The first line of the listing opens the range and the line with "imageVaseline Illuminate Me" closes it; repeat those lines and all between them word for word, leaving out the pictures.

======== GIVEN RECORDS

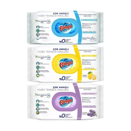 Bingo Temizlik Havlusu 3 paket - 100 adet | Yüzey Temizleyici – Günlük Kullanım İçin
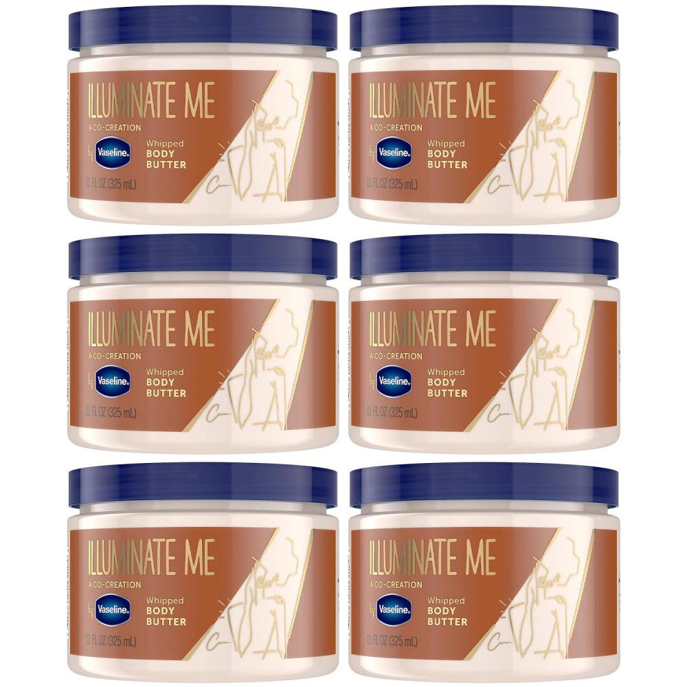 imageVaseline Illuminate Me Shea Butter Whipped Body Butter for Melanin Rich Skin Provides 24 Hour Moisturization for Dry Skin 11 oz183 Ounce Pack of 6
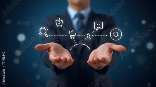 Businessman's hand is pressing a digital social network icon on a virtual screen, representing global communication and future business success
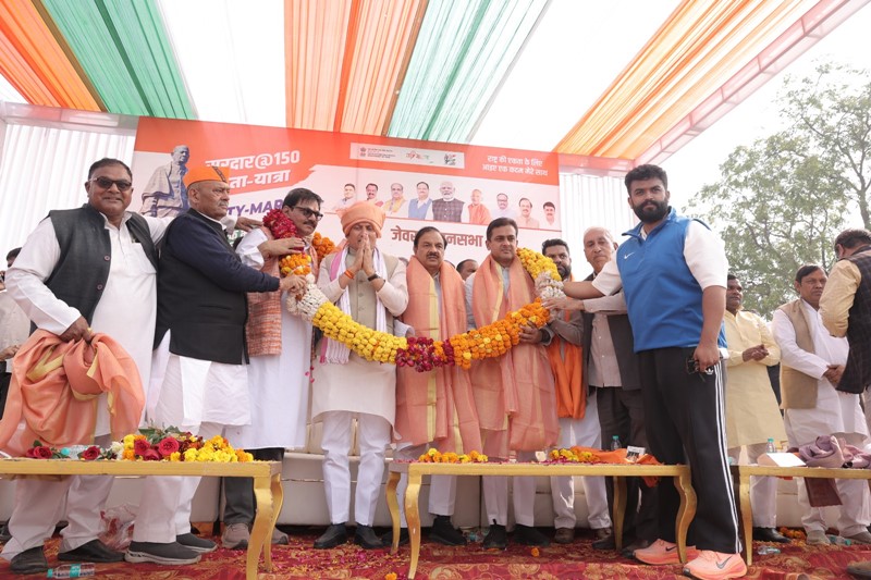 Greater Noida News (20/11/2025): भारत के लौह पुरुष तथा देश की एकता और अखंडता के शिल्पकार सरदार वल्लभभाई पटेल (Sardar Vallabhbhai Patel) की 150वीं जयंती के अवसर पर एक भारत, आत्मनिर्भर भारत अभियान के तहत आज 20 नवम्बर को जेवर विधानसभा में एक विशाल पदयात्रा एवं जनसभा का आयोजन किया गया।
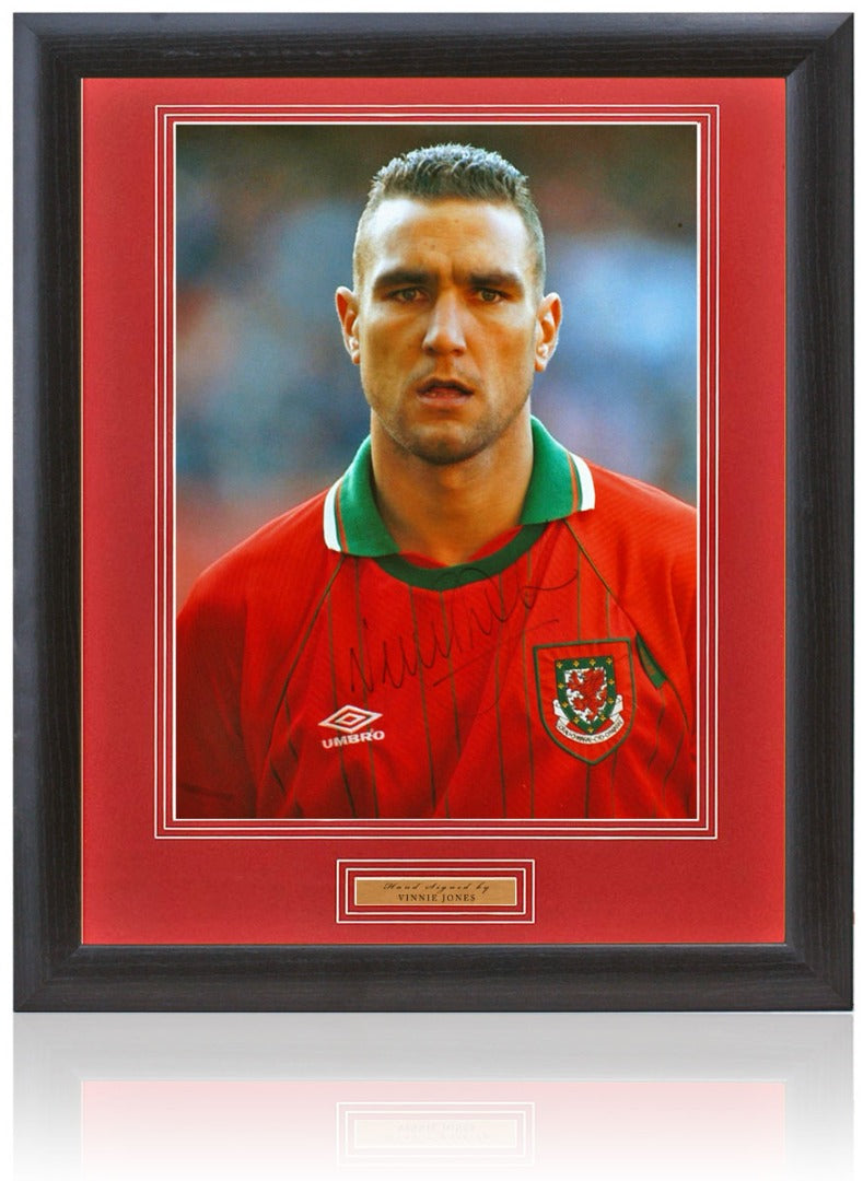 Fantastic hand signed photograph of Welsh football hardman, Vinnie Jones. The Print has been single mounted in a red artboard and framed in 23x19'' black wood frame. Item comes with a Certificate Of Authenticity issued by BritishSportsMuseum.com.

================

### [COMPLETED TASK]
 Bingo Temizlik Havlusu 3 paket - 100 adet | Yüzey Temizleyici – Günlük Kullanım İçin
 imageVaseline Illuminate Me Shea Butter Whipped Body Butter for Melanin Rich Skin Provides 24 Hour Moisturization for Dry Skin 11 oz183 Ounce Pack of 6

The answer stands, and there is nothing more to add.